_Exercise details_
Transcribe only the part of the material below that begins at the line containing "Luxury Flower Cluster" and ends at the line containing "Angle bathtubs manufactured", with both kept and images left out.

_Records provided_
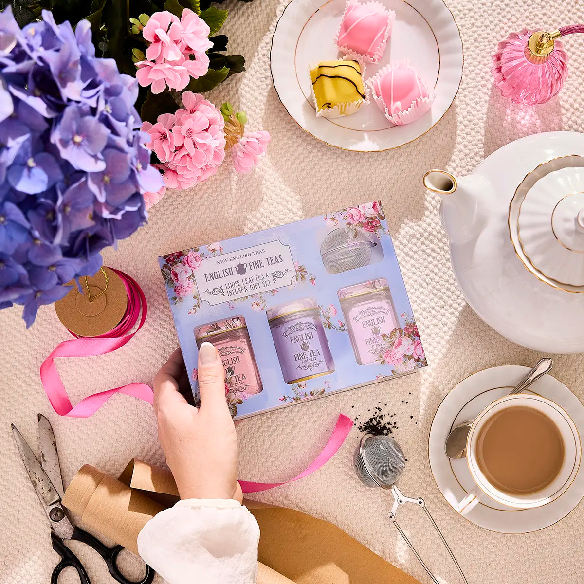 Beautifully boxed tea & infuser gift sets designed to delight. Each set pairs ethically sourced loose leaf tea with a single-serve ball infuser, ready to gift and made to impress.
...
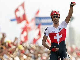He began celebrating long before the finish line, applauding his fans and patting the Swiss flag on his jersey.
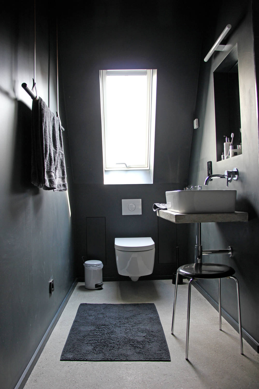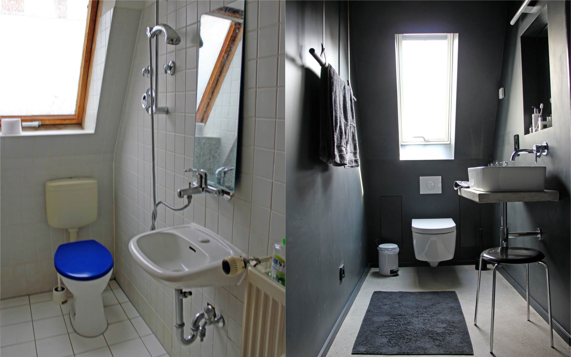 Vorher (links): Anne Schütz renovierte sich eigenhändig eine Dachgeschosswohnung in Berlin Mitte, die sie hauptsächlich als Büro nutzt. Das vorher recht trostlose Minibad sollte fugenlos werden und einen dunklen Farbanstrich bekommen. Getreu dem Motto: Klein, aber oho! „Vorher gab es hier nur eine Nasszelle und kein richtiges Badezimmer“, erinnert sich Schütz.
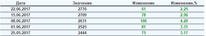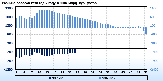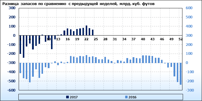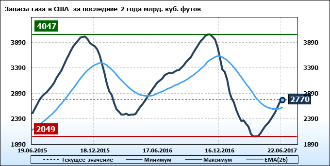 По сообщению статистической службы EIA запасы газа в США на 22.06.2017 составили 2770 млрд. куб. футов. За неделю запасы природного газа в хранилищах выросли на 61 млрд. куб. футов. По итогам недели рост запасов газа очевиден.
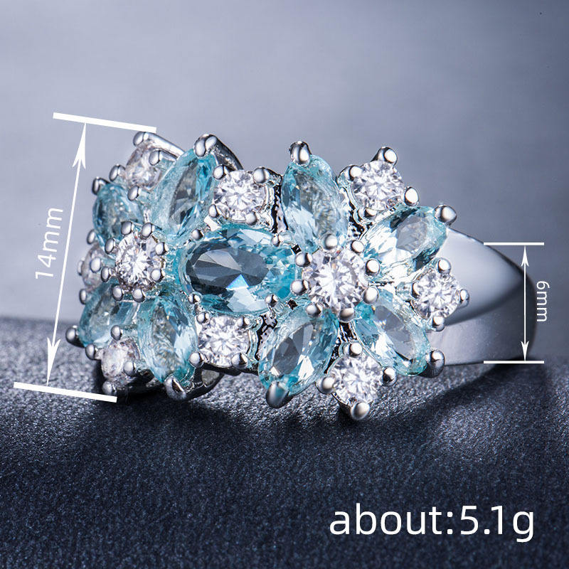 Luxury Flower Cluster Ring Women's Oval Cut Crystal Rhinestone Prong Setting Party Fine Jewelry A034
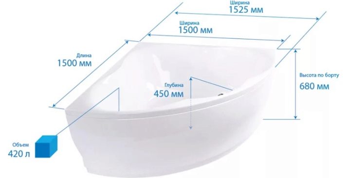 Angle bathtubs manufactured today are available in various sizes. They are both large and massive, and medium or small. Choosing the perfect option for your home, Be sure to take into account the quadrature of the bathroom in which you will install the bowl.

_Answer to the problem_
 Luxury Flower Cluster Ring Women's Oval Cut Crystal Rhinestone Prong Setting Party Fine Jewelry A034
 Angle bathtubs manufactured today are available in various sizes. They are both large and massive, and medium or small. Choosing the perfect option for your home, Be sure to take into account the quadrature of the bathroom in which you will install the bowl.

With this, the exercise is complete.